Let $A,C$ be two nonempty sets in a normed space $X$. Let $R(A;C)$ denote the set of real numbers $r \ge 0$ such that $A$ is contained in a closed ball of radius $r$ centered at some point of $C$ (a closed ball of radius $r = 0$ and center $c$ is just the singleton $\{c\}$).
Show that if X is a reflexive Banach space, $A$ is bounded, and $C$ is closed and convex, then $R(A;C)$ has a minimum (and hence it is a closed unbounded interval).
I tried to solve it by using the following theorem.

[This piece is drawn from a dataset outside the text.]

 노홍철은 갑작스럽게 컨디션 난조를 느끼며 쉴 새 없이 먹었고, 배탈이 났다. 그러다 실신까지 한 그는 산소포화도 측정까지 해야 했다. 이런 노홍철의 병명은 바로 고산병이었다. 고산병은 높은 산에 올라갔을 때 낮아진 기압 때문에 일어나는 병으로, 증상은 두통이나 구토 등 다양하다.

Theorem. Let $X$ be a reflexive Banach space, $C \subset X$ convex and closed, $f \colon C \to \mathbb{R} \cup \{+\infty\}$ convex and continuous. Suppose that one of the following two conditions is satisfied: $C$ is bounded; $C$ is unbounded and $f$ is coercive ($\lim_{\lVert x \rVert \to + \infty} f(x) = +\infty$). Then $f$ has a minimum on $C$ ($\exists \min_C f$).
In particular, I defined $f \colon C \to \mathbb{R}$ as $f(c) = \inf \{ r \ge 0 \colon A \subset B_r(c) \}$, where $B_r(c)$ is the closed ball of radius $r$ centered at $c$. My idea is that it is enough to show $f$ has a minimum on $C$ (by using the theorem above) to get that $R(A;C)$ has a minimum. But I'm not sure about my idea.

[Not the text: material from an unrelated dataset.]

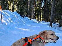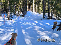 Watch out: every now and then you have to cross the ski slope or partly the slope leads a multiple use. We recommend the tour only on weekdays (otherwise too many people) and for experienced sledders (11km).

How would you solve the problem?
Let $f(c) = \sup_{a \in A} \|a-c\|$. Since $A$ is bounded, $f$ is finite, Furthermore $f$ is Lipschitz hence continuous. In addition, it is straightforward to show that $\lim_{\|c\| \to \infty} f(c) = +\infty$.
Pick some $c'\in C$ and define $K= \{ (c, f(c)) | c \in C, f(c) \le f(c') \}$. $K$ is closed, convex and bounded. Since $K$ is (norm)closed and convex, it is weakly closed.

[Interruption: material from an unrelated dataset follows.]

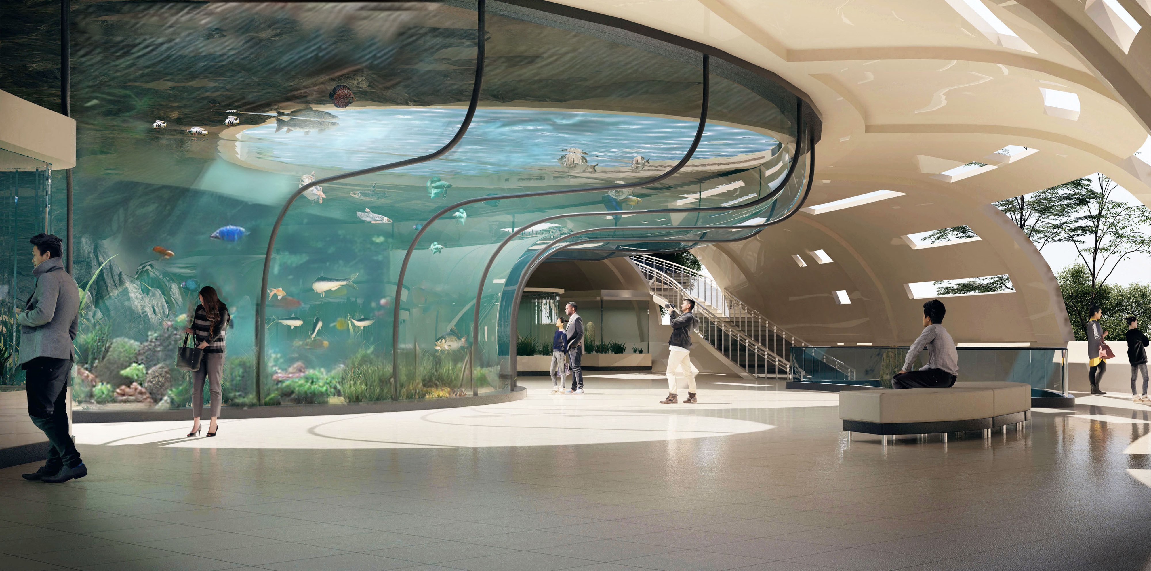 О проекте: Все проектные решения обусловлены функциональным назначением зданий. В них должны будут разместиться научно-исследовательский центр и институт проблем окружающей среды. Они займутся изучением огромного разнообразия флоры и фауны лесов и зеленых зон внутри города Мумбаи с последующей разработкой стратегий и планов по улучшению условий жизни горожан. Проект вписывает здания в сложный рельеф участка. На самых затененных местах предусмотрены площадки для отдыха. Здания имеют С-образную форму и обращены в сторону преобладающих ветров, что позволяет обеспечить естественную вентиляцию внутри. В качестве строительных материалов используются бамбук, гибкие листы металла и поликарбоната.

Since $X \times \mathbb{R}$ is reflexive, Banach Alaogu tells us that the closed ball is weakly compact. Since $K$ is a weakly closed subset of some closed ball, it is weakly compact.
Define the (weakly continuous) functional $\phi((x,\alpha)) = \alpha$ and note that since $K$ is weakly compact that $\phi$ has a minimiser $(c^*, \alpha^*) \in K$. It follows from this and the above that $f(c) \ge f(c^*)$ for all $c \in C$.